There is a second woodworking problem you may have to address regarding the tabletop. It’s made from three pieces of solid lumber that we sourced from rockler.com. They are pre-dimensioned at 3/4″ x 5″ x 24″. When you put them side by side, their edges may align perfectly well for a glue-up. If so, you are golden. (We tried many of these boards to see how straight they were, and they aligned well.) But if your boards show a gap, you need to straighten their edges somehow. We tested this as well and found that trimming just a tiny bit off the edges of the boards using a table saw fixed the problem. You can also solve it with a sanding block and 80-grit sandpaper to remove the high spots on the edge of a board. The video of making this project will demonstrate this edge-flattening technique.
A third detail to solve regarding the solid wood top is flattening it. When you glue the three boards together, there will likely be tiny misalignments between the edges.
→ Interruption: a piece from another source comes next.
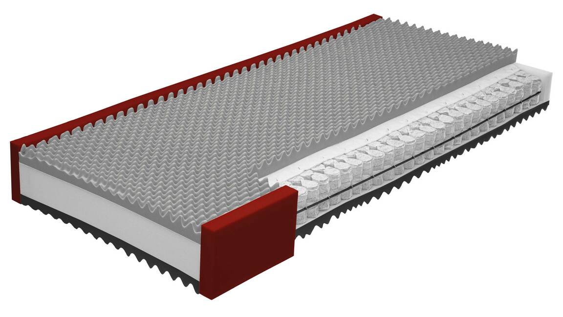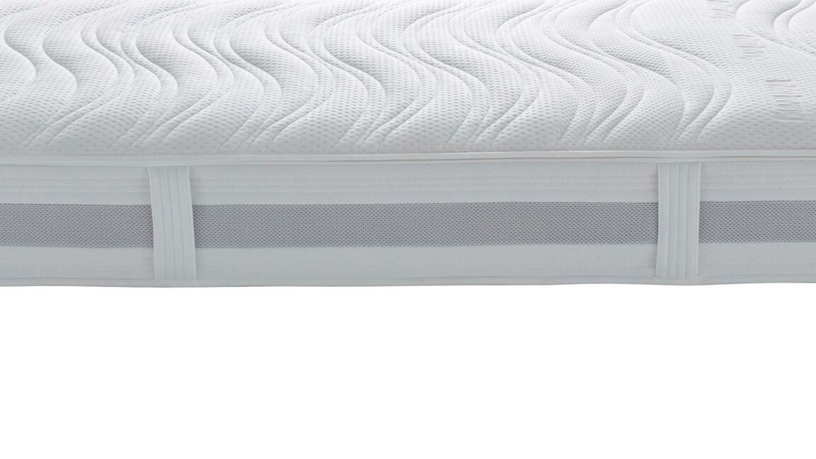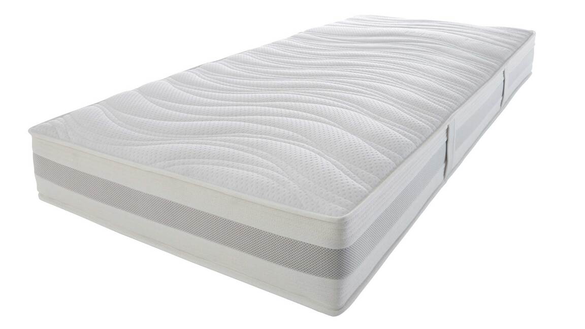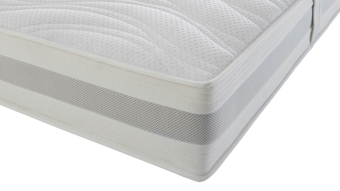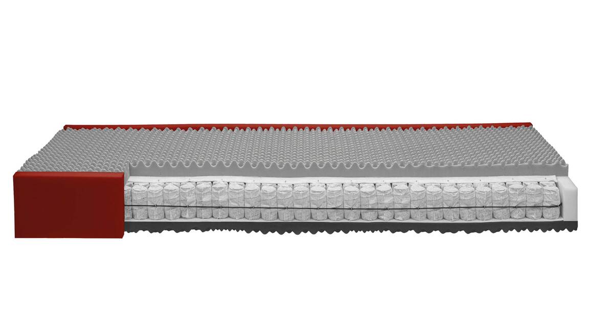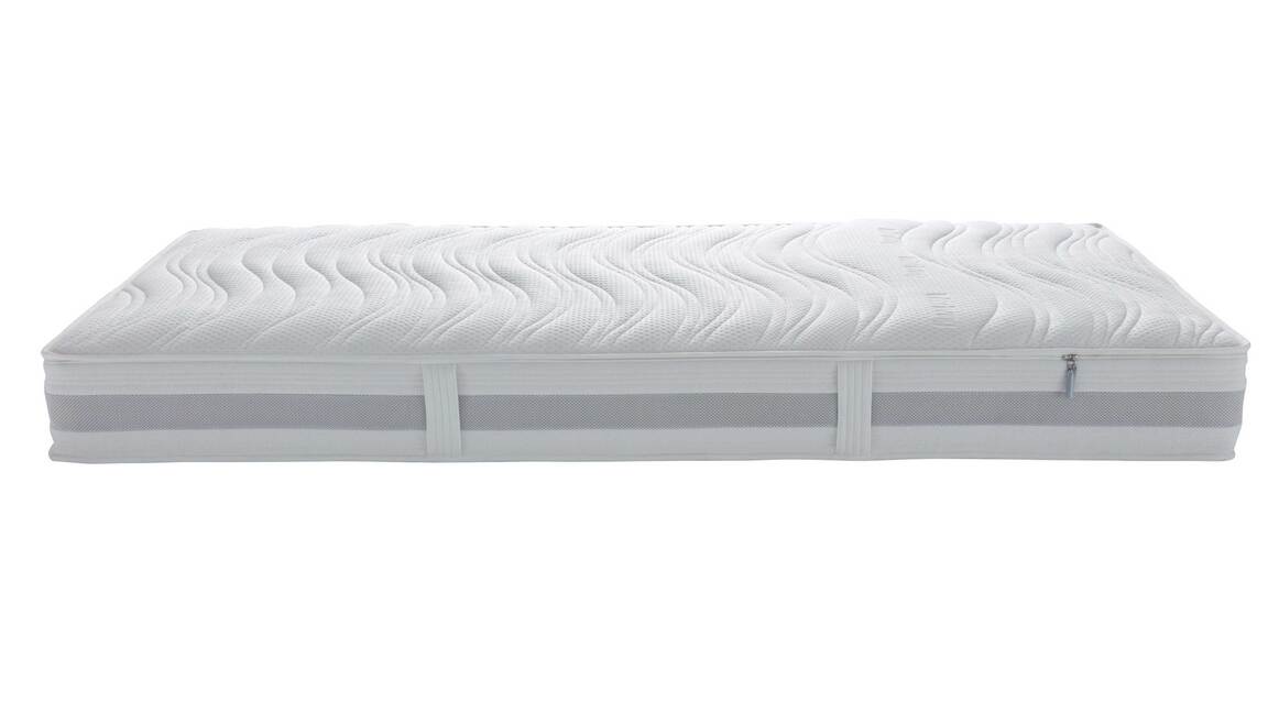 Insgesamt steht die Federkernmatratze in zehn Größen und Sondermaßen sowie in drei Härtegraden zur Wahl. Dank des ergonomischen 7-Zonen-Kerns mit 1000 Taschenfedern (auf ca. 100 x 200 cm) bietet die top verarbeitete Matratze eine punktgenaue Unterstützung aller Körperregionen. Die Oberseite mit GELAX-Schaumauflage sorgt für mehr Punktelastizität. Dieser Effekt wird durch die Unterseite mit AQUAPUR®-Schaum unterstützt. Beim Aufstehen erweist sich die seitliche Sitzkantenverstärkung als besonders vorteilhaft.

Solve this by sanding the panel flat. Start with 80-grit paper and sand diagonally across the panel using a sanding block. Sand until the panel is flat. Then shift to 100-grit and sand diagonally in the opposite direction to remove the 80-grit sanding marks. Now change to 150- and then 180-grit sandpaper and sand longways, with the grain. (Power sanders would speed this up!) Of course you need to sand both faces. Finishing the end table is up to you.
Working with this solid top has advanced your woodworking skills considerably!